• Work to be completed: The reply should hold only the lines below beginning at the one with "Please join us" and ending at the one with "Arcobaleno: vassoio quadrato", copied exactly, with every picture left out.

• Excerpted data:
##############################
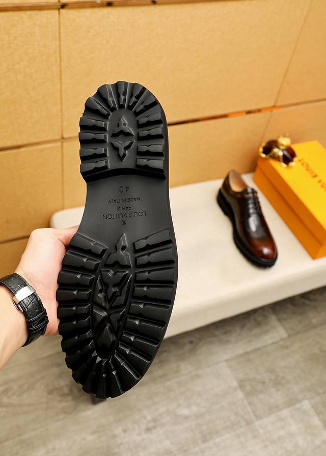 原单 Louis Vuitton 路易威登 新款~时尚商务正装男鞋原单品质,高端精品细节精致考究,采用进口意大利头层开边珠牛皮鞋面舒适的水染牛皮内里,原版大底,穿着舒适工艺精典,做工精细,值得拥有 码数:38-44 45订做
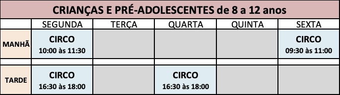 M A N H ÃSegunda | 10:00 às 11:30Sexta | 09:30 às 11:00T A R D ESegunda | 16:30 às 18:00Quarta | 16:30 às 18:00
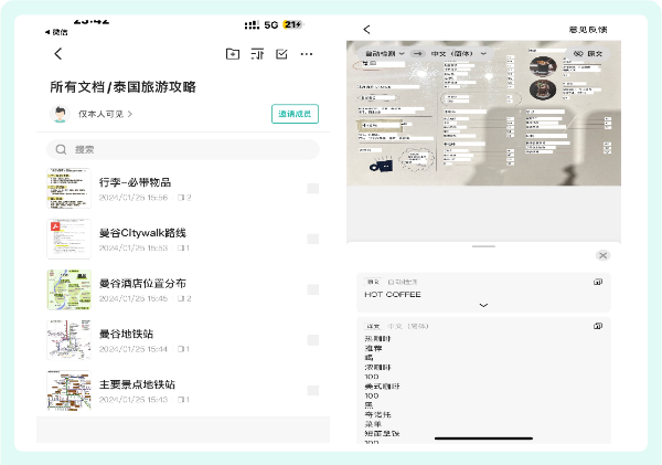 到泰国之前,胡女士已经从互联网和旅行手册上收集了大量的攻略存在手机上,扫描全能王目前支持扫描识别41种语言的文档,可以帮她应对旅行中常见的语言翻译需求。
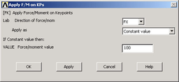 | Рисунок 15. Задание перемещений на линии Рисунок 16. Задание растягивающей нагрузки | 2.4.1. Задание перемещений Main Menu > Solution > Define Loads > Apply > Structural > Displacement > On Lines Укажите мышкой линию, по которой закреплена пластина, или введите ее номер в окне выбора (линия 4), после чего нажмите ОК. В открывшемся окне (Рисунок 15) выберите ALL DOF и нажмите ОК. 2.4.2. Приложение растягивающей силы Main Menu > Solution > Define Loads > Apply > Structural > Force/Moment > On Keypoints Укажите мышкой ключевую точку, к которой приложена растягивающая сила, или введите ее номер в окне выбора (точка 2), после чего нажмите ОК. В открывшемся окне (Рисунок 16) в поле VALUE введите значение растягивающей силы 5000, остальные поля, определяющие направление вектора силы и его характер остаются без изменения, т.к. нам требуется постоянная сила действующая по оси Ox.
##############################
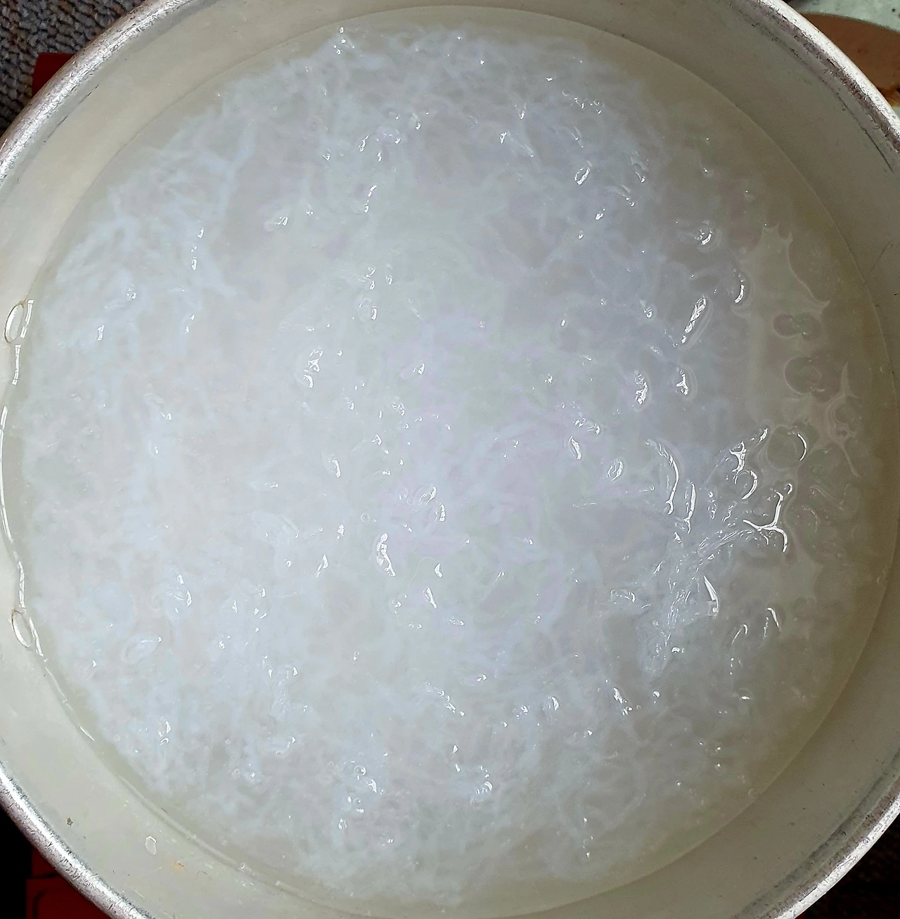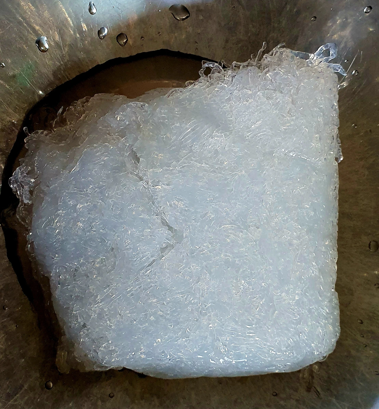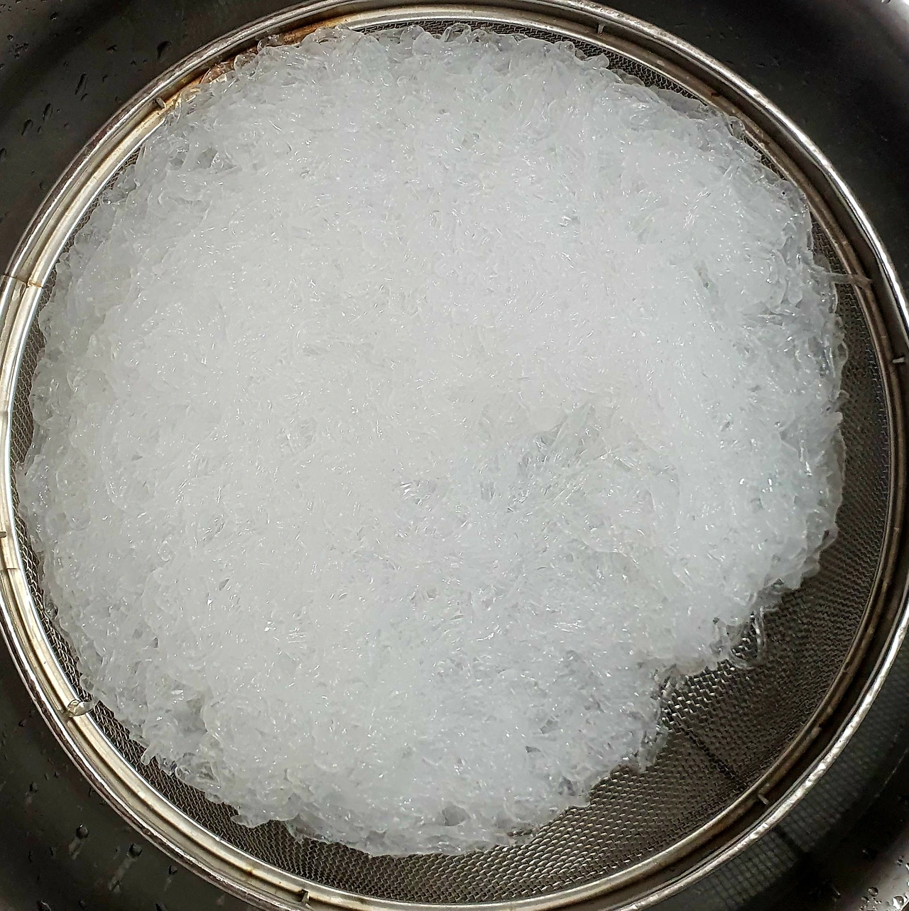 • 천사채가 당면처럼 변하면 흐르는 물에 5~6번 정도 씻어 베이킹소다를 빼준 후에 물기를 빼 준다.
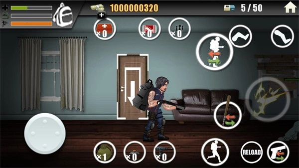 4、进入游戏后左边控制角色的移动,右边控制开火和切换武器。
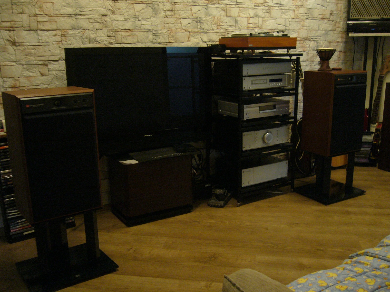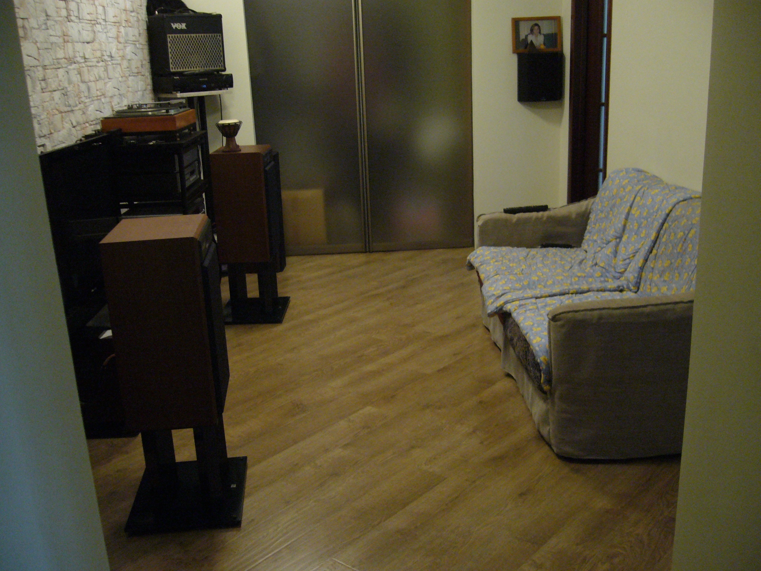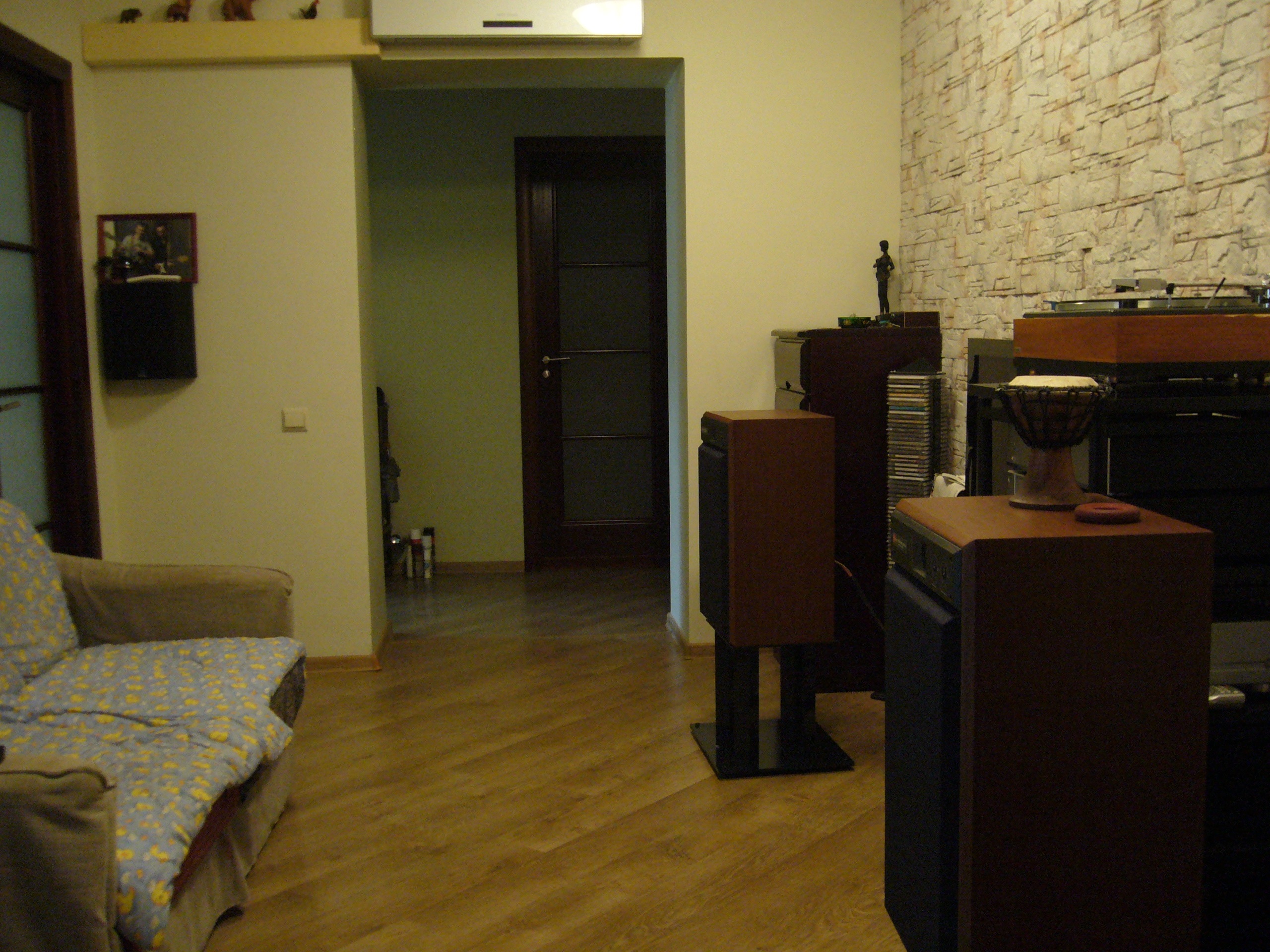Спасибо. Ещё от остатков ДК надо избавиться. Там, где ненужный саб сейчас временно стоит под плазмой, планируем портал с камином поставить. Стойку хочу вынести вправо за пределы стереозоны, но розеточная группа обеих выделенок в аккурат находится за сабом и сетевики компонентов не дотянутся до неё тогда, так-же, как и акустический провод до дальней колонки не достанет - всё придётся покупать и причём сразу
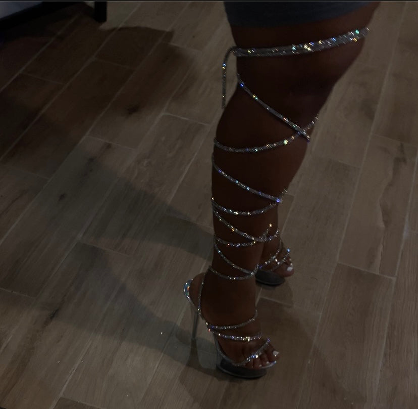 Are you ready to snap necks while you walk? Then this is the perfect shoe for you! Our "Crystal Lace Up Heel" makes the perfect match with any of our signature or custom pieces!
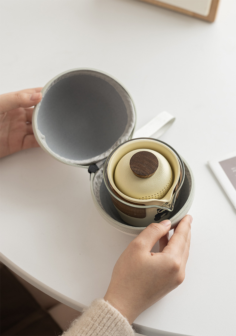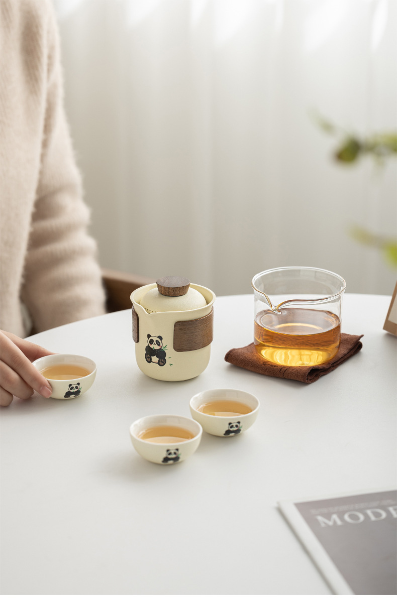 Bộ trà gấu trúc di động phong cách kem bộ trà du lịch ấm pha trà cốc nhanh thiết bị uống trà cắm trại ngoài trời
##############################
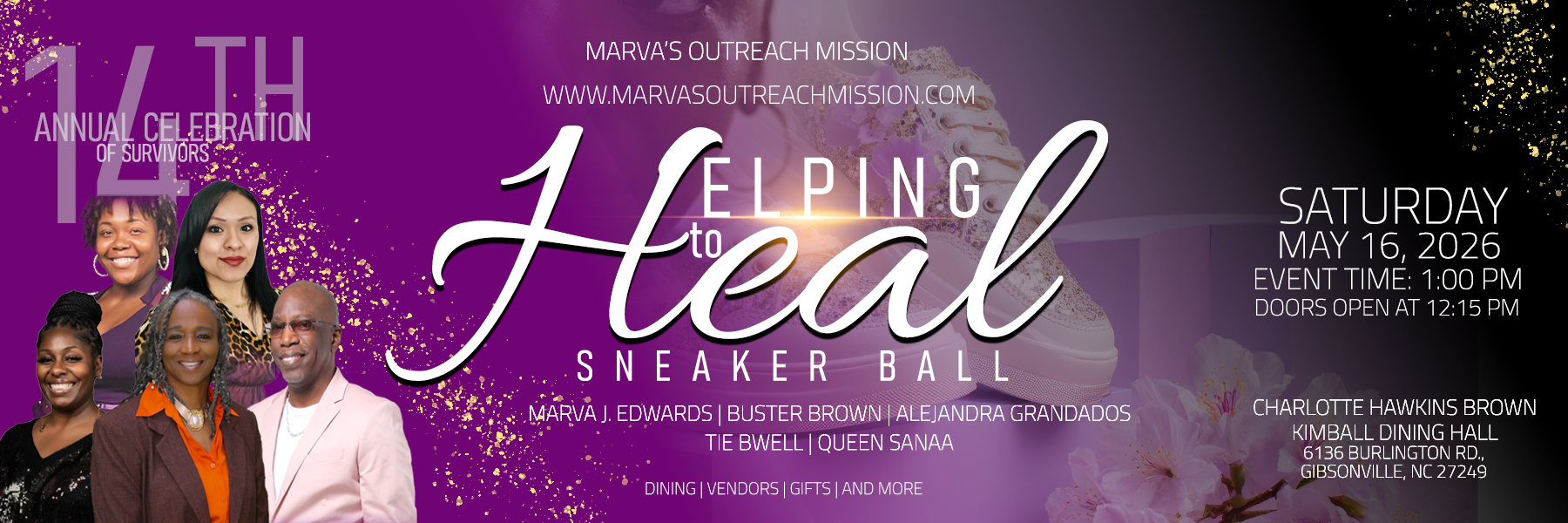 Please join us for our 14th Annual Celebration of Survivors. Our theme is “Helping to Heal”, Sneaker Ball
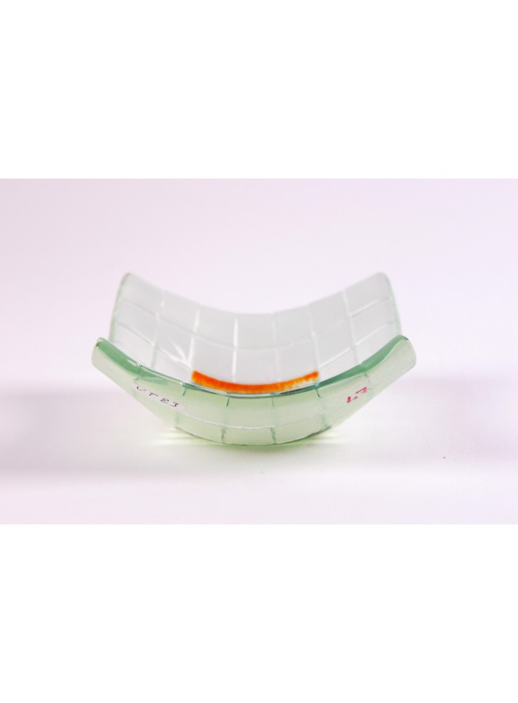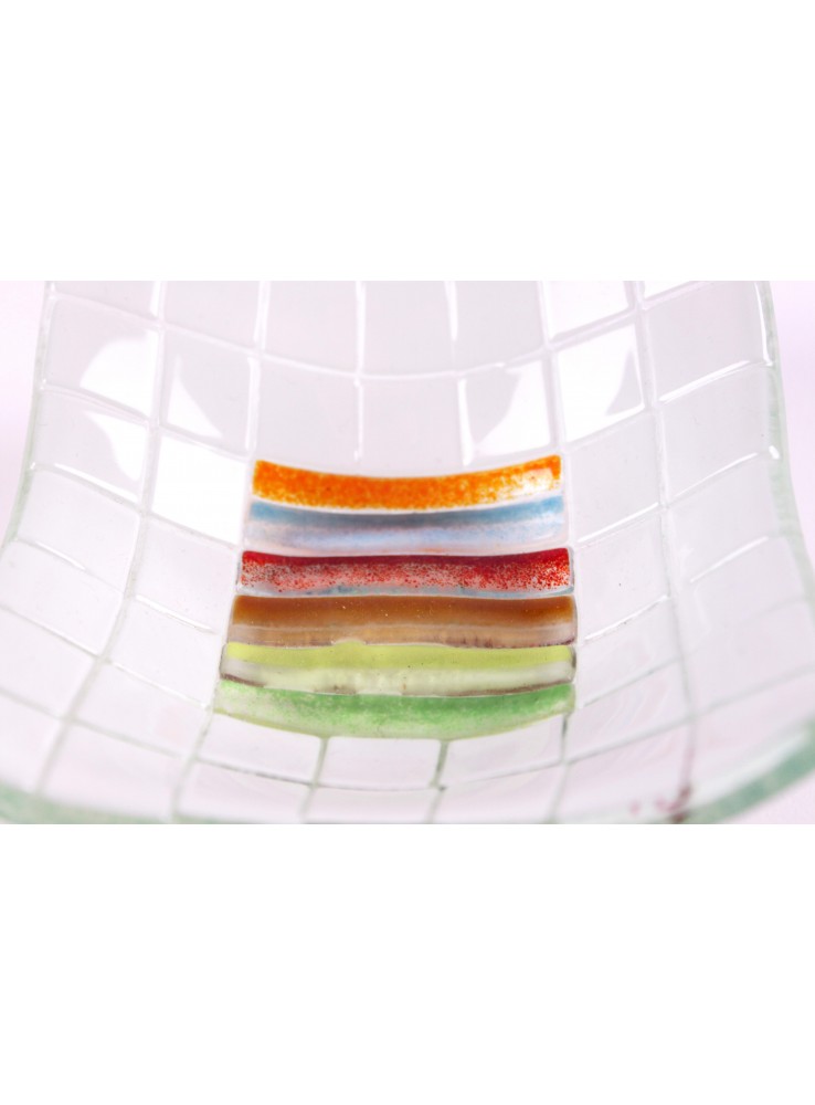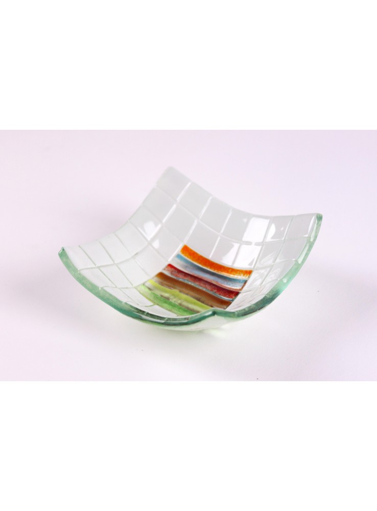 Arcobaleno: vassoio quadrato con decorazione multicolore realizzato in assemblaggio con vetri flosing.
##############################
• Your solution:
 Please join us for our 14th Annual Celebration of Survivors. Our theme is “Helping to Heal”, Sneaker Ball
 Arcobaleno: vassoio quadrato con decorazione multicolore realizzato in assemblaggio con vetri flosing.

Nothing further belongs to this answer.